K Number
K060616
Manufacturer
Date Cleared
2006-06-29

(113 days)

Product Code
Regulation Number
870.2700
Panel
AN
Reference & Predicate Devices
Predicate For
N/A
AI/MLSaMDIVD (In Vitro Diagnostic)TherapeuticDiagnosticis PCCP AuthorizedThirdpartyExpeditedreview
Intended Use

The intended use of NPOSES (Nocturnal Pulse Oximetry Study Expert System) software is to collect, analyze, report and archive oximetry trend data to provide information to a Medical Doctor specializing in sleep medicine, as a supplemental tool to assist in the timely diagnosis of pediatric obstructive sleep apnea (OSA).

NPOSES is intended for use by an MD/Respiratory Specialist through the following process steps (1) recording and transferring data from a pulse oximeter to a computer in order to maintain unique records per patient of pulse oximetry data, (2) analyzing. reviewing and validating patient data and summary statistics according to customized. user-selected parameters, and (3) generating and archiving reports.

NPOSES in itself is not a diagnosis tool. It is a decision management tool which allows medical personnel to upload and view data related to a sleep study and provide output reports as feedback which may be used by an MD to form a diagnosis.

Device Description

The PHD Medical NPOSES (Nocturnal Pulse Oximetry Study Expert System) application scores data in the patient history, physician comments and test results to automatically produce an analysis report as input to the identification of pediatric obstructive sleep apnea which is presented to Respiratory Specialists and Medical Doctors. The suggested diagnosis is used to assist the Medical Director in the diagnosis of the severity of obstructive sleep apnea. The application enables the efficient processing of patient sleep evaluation studies while allowing the medical staff to concentrate on critical cases.

AI/ML Overview

The provided text describes a 510(k) submission for the NPOSES device, a Nocturnal Pulse Oximetry Study Expert System. However, it does not include detailed information regarding specific acceptance criteria for performance, the study design, or the results of a study to prove the device meets acceptance criteria.

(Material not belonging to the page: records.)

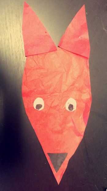 Al agregar en su cabeza de zorros en el cuello que no quiere que ser justo en el borde, pegamento en unas cuantas pulgadas en el cuello. Al hacer la cabeza solo recorte en forma de triángulo redondeado. Añadir orejas de triángulo, y ojos de círculo blanco, con círculos negros pequeños, luego agregar una nariz de triángulo negro.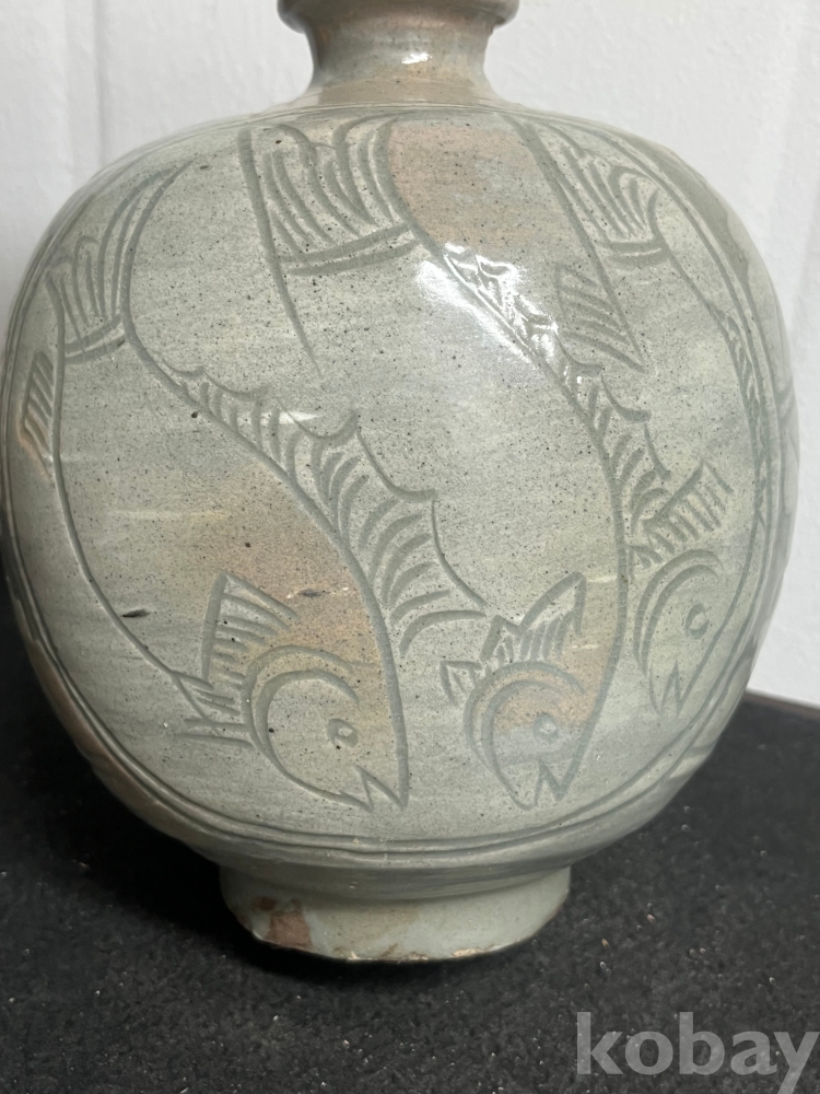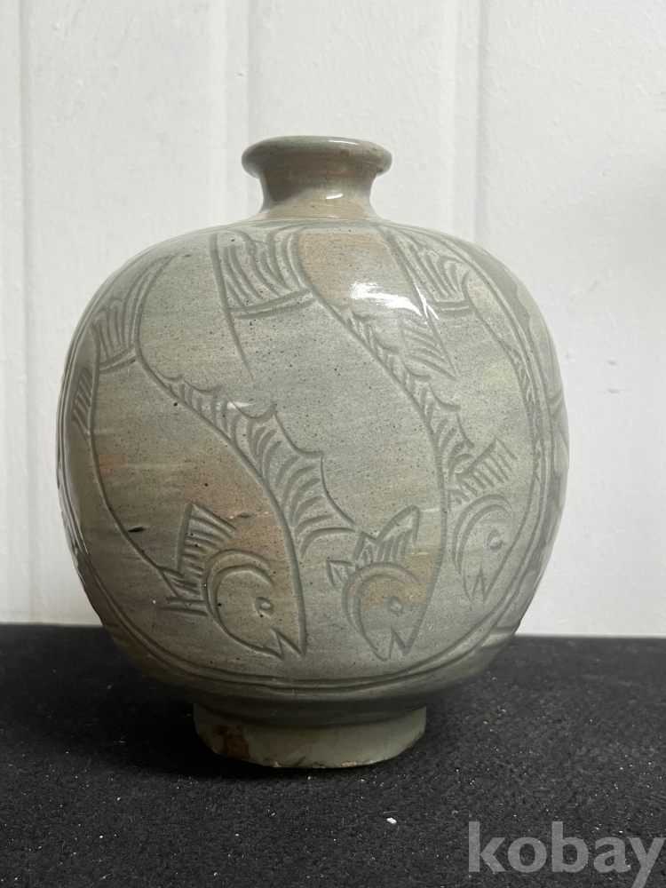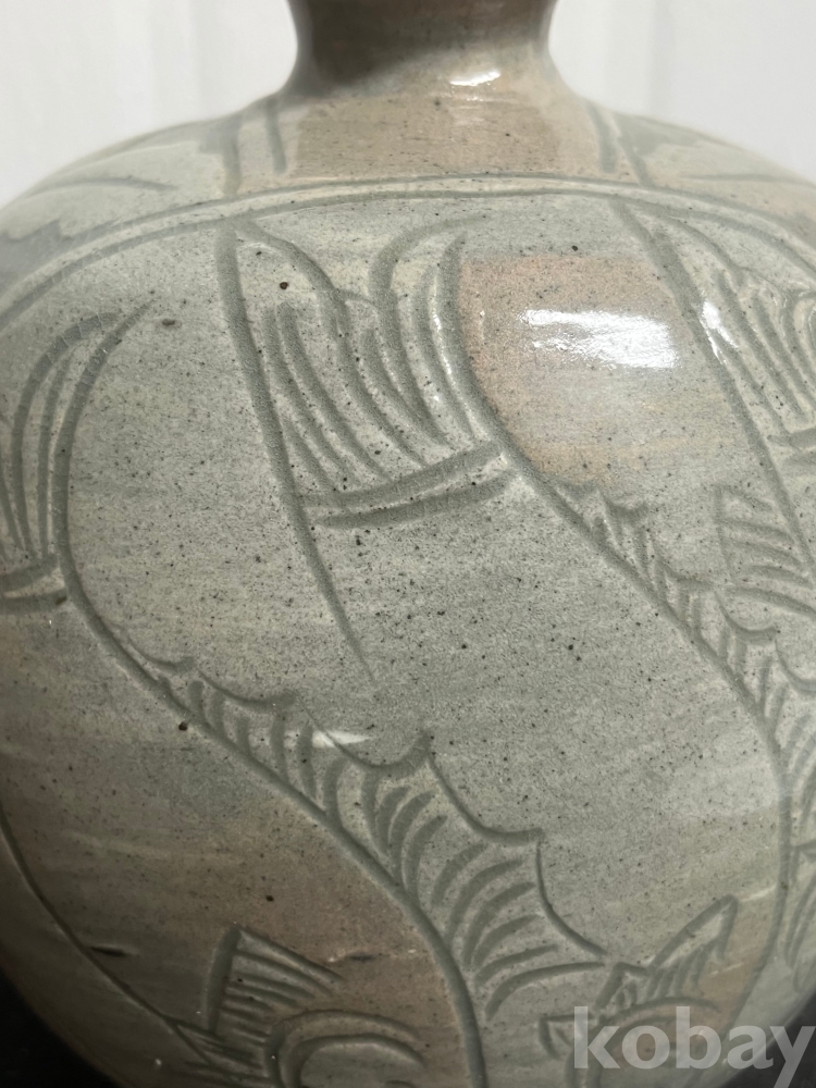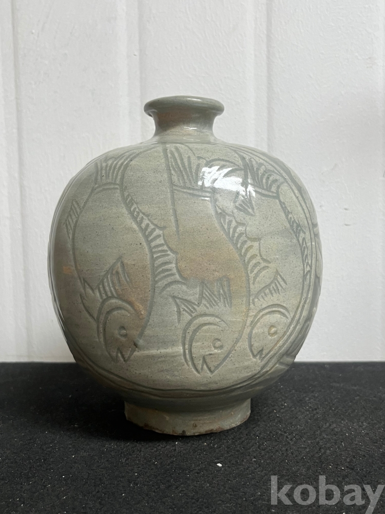 분청사기 어문병입니다. 자유로운 음각 기법으로 표현된 물고기 문양이 유려하게 펼쳐지며,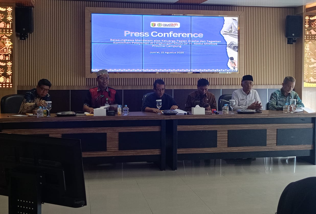 infogeh.com, Bandar Lampung – Manajemen Rumah Sakit Umum Daerah Abdul Moeloek (RSUDAM) Lampung menyampaikan duka cita mendalam atas wafatnya ananda Alesha. Pelaksana tugas (Plt) Wakil Direktur Keperawatan, Pelayanan, dan Penunjang Medik RSUDAM Lampung, dr. Yusmaidi, menegaskan bahwa pihak rumah sakit memberikan perhatian serius terhadap setiap informasi dan keluhan yang disampaikan masyarakat.

The "Performance Data" section merely states: "Testing was performed to confirm that NPOSES software is capable of meeting all of its intended functional requirements. NPOSES passed all tests." This is a very high-level statement and does not provide the granular details requested.

Therefore, many of the requested fields cannot be filled from the provided text.

Here's a breakdown of what can be inferred and what is missing:


1. A table of acceptance criteria and the reported device performance

Acceptance CriteriaReported Device Performance
Not specified"NPOSES passed all tests."

2. Sample size used for the test set and the data provenance (e.g. country of origin of the data, retrospective or prospective)

  • Sample size for test set: Not specified.
  • Data provenance: Not specified.

3. Number of experts used to establish the ground truth for the test set and the qualifications of those experts (e.g. radiologist with 10 years of experience)

  • Not specified. The device is intended to "automatically produce an analysis report as input to the identification of pediatric obstructive sleep apnea which is presented to Respiratory Specialists and Medical Doctors." This suggests the output is reviewed by experts, but the process of establishing ground truth for a test set is not described.

4. Adjudication method (e.g. 2+1, 3+1, none) for the test set

  • Not specified.

5. If a multi reader multi case (MRMC) comparative effectiveness study was done, If so, what was the effect size of how much human readers improve with AI vs without AI assistance

  • No MRMC study is mentioned. The device is a "management tool" and a "supplemental tool to assist in the timely diagnosis," not an AI diagnostic tool that human readers would directly interact with to improve performance. The description focuses on its function in processing and organizing data.

6. If a standalone (i.e. algorithm only without human-in-the-loop performance) was done

  • The device is explicitly stated as "not a diagnosis tool. It is a management tool which allows medical personal to input and view data relating to a study and give feedback which may be used by an MD to form a diagnosis." This implies it's not a standalone diagnostic algorithm, but rather a tool to generate output for a medical doctor specializing in sleep medicine. The "Performance Data" section vaguely states "NPOSES software is capable of meeting all of its intended functional requirements" and "NPOSES passed all tests," which likely refers to its functional capabilities (data processing, reporting) rather than diagnostic accuracy as a standalone algorithm.

7. The type of ground truth used (expert consensus, pathology, outcomes data, etc)

  • Not specified.

8. The sample size for the training set

  • Not specified. The document does not describe a machine learning model that would typically have a "training set" in the modern sense. It refers to an "Expert System" but does not detail how this system was developed or "trained."

9. How the ground truth for the training set was established

  • Not applicable/Not specified, as no training set or its ground truth establishment is described.

§ 870.2700 Oximeter.

(a)
Identification. An oximeter is a device used to transmit radiation at a known wavelength(s) through blood and to measure the blood oxygen saturation based on the amount of reflected or scattered radiation. It may be used alone or in conjunction with a fiberoptic oximeter catheter.(b)
Classification. Class II (performance standards).